In order to reduce the compression power and to use the overall energy contained in LNG effectively, a combined cycle is devised and simulated. The combined cycle is composed of two cycles; one is an open cycle of liquid/solid carbon dioxide production cycle utilizing LNG cold energy in $CO_2$ condenser and the other is a closed cycle gas turbine which supplies power to the $CO_2$ cycle, utilizes LNG cold energy for lowering the compressor inlet temperature, and uses the heating value of LNG at the burner. The power consumed for the $CO_2$ cycle is investigated in terms of a solid $CO_2$ production ratio.
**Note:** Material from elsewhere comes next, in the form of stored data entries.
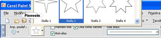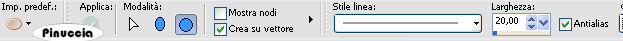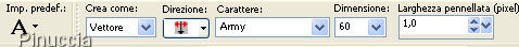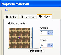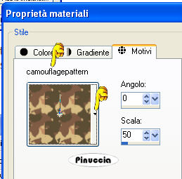 qui puoi trovare qualche risposta ai tuoi dubbi. Se l'argomento che ti interessa non è presente, ti prego di segnalarmelo. Questo tutorial è stato creato con PSP 9, ma può essere eseguito anche con le altre versioni di PSP. Occorrente: Materiale qui L'immagine di un soldato o di un vostro eroe (ho usato quella di mio figlio). Font qui Il tube della donna è di Laguna Azul 1. Apri tutto il materiale in PSP e minimizzalo nella tua area di lavoro. Imposta il colore di primo piano su Motivi. Apri il menu cliccando sulla freccia a fianco del box e seleziona il motivo Camouflage, con i seguenti settaggi. ![]() 2. Apri una nuova immagine BIANCA 640 x 640 pixels. Chiudi il colore di sfondo. Attiva lo strumento Forma Ellisse ![]() (per le versioni precedenti di PSP, Forme predefinite ),con i seguenti settaggi: modalità Cerchio; Vettore; Linea stile pieno, dimensione 20 pixels, antialias selezionato. ![]() 3. Tenendo premuto il tasto Shift (maiuscola), parti dall'angolo in alto a sinistra e traccia un cerchio di dimensioni medie. Oggetti>Allinea>Centra nella tela. ![]() Livelli>Converti in livello raster. Effetti>Effetti 3D>Sfalsa ombra, con i seguenti settaggi, colore nero: ![]() 4. Inverti i colori impostati, cliccando sulla freccia al centro delle due palette, per avere il Motivo impostato come colore di sfondo. Il colore di primo piano sarà sempre nullo. ![]() Attiva lo strumento Forme predefinite , e seleziona la Stella n. 2,crea come vettore, stile linea pieno: ![]() 5. Disegna una stella all'interno del cerchio. ![]() se necessario, usa i nodi della griglia vettoriale per adattare meglio la stella all'interno del cerchio Livelli>Converti in livello raster. Effetti>Effetti 3D>Sfalsa ombra, con i settaggi usati al punto 3. ![]() Attiva ribbon_2, e vai a Modifica>Copia. Torna al tuo lavoro e vai a Modifica>Incolla>Incolla come nuovo livello<. Immagine>Ridimensiona, all'85%, tutti i livelli non selezionato, ricampionamento bicubica. ![]() Regola>Saturazione e tonalità>Viraggio: ![]() 6. Regola>Luminosità e contrasto>Correzione Gamma, con i seguenti settaggi: ![]() in PSP X questo effetto è stato sostituito con Regola>Luminosità e contrasto>Regola con istogramma, e si utilizzano le impostazioni gamma nella finestra Regola con istogramma. Tuttavia, premendo sulla tastiera la combinazione di tasti shift (maiuscola) + G, apparirà la vecchia schermata delle versioni precedenti. 7. Sposta il nastro sopra la stella.![]() Effetti>Effetti 3D>Sfalsa ombra, con i settaggi usati al passo 3. Minimizza questa immagine per il momento. Apri una nuova immagine trasparente 155 x 175 pixels. Cambia i settaggi del motivo Camouflage portando la scala a 30. ![]() Riempi l'immagine trasparente con questo motivo.Selezione>Seleziona tutto. Selezione>Modifica>Contrai, di 7 pixels. Premi sulla tastiera il tasto CANC ![]() Mantieni selezionato. 8. Apri l'immagine che hai deciso di usare per la cornice e vai a Modifica>Copia. Torna alla cornice e vai a Modifica>Incolla>Incolla come nuovo livello. Ridimensiona, se necessario, e sistema nella selezione la parte dell'immagine che vuoi rimanga incorniciata. Selezione>Inverti. Premi sulla tastiera il tasto CANC ![]() Nella paletta dei livelli trascina questo livello sotto il livello della cornice. Attiva il livello della cornice. Effetti>Effetti 3D>Sfalsa ombra, con i seguenti settaggi, colore nero: ![]() Selezione>Nessuna selezione. Livelli>Unisci>Unisci visibile. 9. Modifica>Copia. Attiva il lavoro che hai messo da parte prima e vai a Modifica>Incolla>Incolla come nuovo livello. Effetti>Effetti 3D>Sfalsa ombra, con i settaggi usati al punto 8. Immagine>Ruota>Ruota per gradi, 15 gradi a destra. ![]() 10. Regola>Messa a fuoco>Metti a fuoco. Posiziona la cornice in basso a destra del cerchio (vedi il lavoro finale).Attiva "armytag_support our troops", e vai a Modifica>Copia. Torna al tuo lavoro e vai a Modifica>Incolla>Incolla come nuovo livello. Sposta il testo al centro della stella (vedi il lavoro finale).Attiva "armytag_tinyscrew" e vai a Modifica>Copia. Torna al tuo lavoro e vai a Modifica>Incolla>Incolla come nuovo livello. Sposta la vita nell'angolo in alto a sinistra della cornice.(vedi il lavoro finale). è così piccola che, forse, avrai difficoltà a vederla. Eventualmente, per poterla spostare più agevolmente, vai a Livelli>Visualizza>Solo corrente, sposta la vite in un punto fuori dalle immagini, Livelli>Visualizza>Tutto, e adesso potrai spostarla comodamente. 11. Chiudi il livello bianco di sfondo. Livelli>Unisci>Unisci visibile. Immagine>Ridimensiona, al 90%, tutti i livelli non selezionato, ricampionamento bicubica. Sposta la tag un po' più in alto e verso il lato destro dell'immagine.Attiva il tube la_woman_59, e vai a Modifica>Copia. Torna al tuo lavoro e vai a Modifica>Incolla>Incolla come nuovo livello. Immagine>Rifletti. Immagine>Ridimensiona, all'85%, tutti i livelli non selezionato, per un totale di 2 volte. Sposta questo tube sul lato sinistro della tag (vedi l'esempio finale).12. Effetti>Effetti 3D>Sfalsa ombra, con i seguenti settaggi, colore nero: ![]() 13. Attiva armytag_myhero text, e vaia Modifica>Copia. Torna al tuo lavoro e vai a Modifica>Incolla>Incolla come nuovo livello. Sposta il testo sotto l'immagine incorniciata.E' il momento di aggiungere il tuo nome alla tag. Questi i settaggi che ho usato per scrivere il mio nome. Font Armi; dimensione 60; Vettore, pennellata 1, antialias, colore di primo piano #D7BD84; colore di sfondo Motivo Camouflage: ![]() 14. Scrivi il tuo nome e posizionalo. Livelli>Converti in livello raster. Effetti>Effetti 3D>sfalsa ombra, con i seguenti settaggi, colore nero: ![]() Attiva il tube "Star", e vai a Modifica>copia. Torna al tuo lavoro e vai a Modifica>Incolla>Incolla come nuovo livello. Aggiungi le stelle dove preferisci. Io ho messo una stella ai lati del mio nome e sulla cornice. 15. Livelli>Unisci>Unisci tutto (appiattisci). Usa lo strumento Ritaglio per eliminare lo spazio bianco in eccesso.Ridimen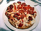 today we had carly's birthday lunch at vinalia in downtown crossing. the place was a little fancy, the kind of restaurant with a single sheet of menu items. i had a wood oven cooked chorizo pizza with mozzarella cheese (the chorizo tasted remarkably similar to kielbasa sausages) then had a creme brulee for dessert. walking back to the office, we watched as kristine sped far ahead of us, with adam following a distant second.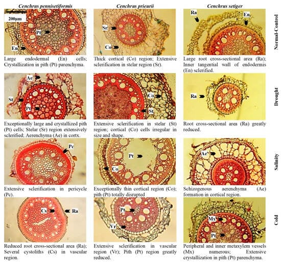 Root cross-sections of Cenchrus species under multiple abiotic stresses. Scale of measurement is given in the top left figure.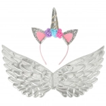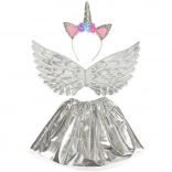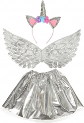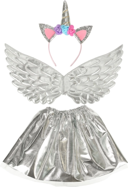 Tento nádherný kostým vám umožní premeniť vaše dieťa na jedinečného jednorožca. Skladá sa z striebornej sukne, elegantných krídel a detailne spracovanej čelenky s ružami. Ideálny pre každú príležitosť, kde si dieťa môže užiť rozprávkovú hru.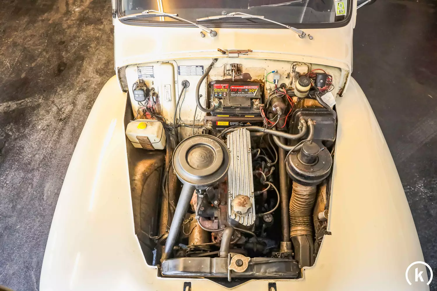 Under the bonnet that opens forward, the Volvo four-cylinder engine with a displacement of 1.8 litres and 75 hp is revealed. Via an easy-to-shift 4-speed gearbox, the individual gears can be engaged without any problems. When a last service was carried out, the seller can not say, in addition, it is not known which repairs were carried out. As a recommendation, the current owner states that the mechanical fuel pump should be replaced by an electric one.

The present study shows that much reduction in both $CO_2$ compression power (only 35% of the power used in conventional dry ice production cycle) and $CO_2$ condenser pressure could be achieved by utilizing LNG cold energy and that high cycle efficiency (55.3% at maximum power condition) in the gas turbine could be accomplished with the adoption of compressor inlet cooling and regenerator. Exergy analysis shows that irreversibility in the combined cycle increases linearly as a solid $CO_2$ production ratio increases and most of the irreversibility occurs in the condenser and the heat exchanger for compressor inlet cooling. Hence, incoming LNG cold energy to the above components should be used more effectively.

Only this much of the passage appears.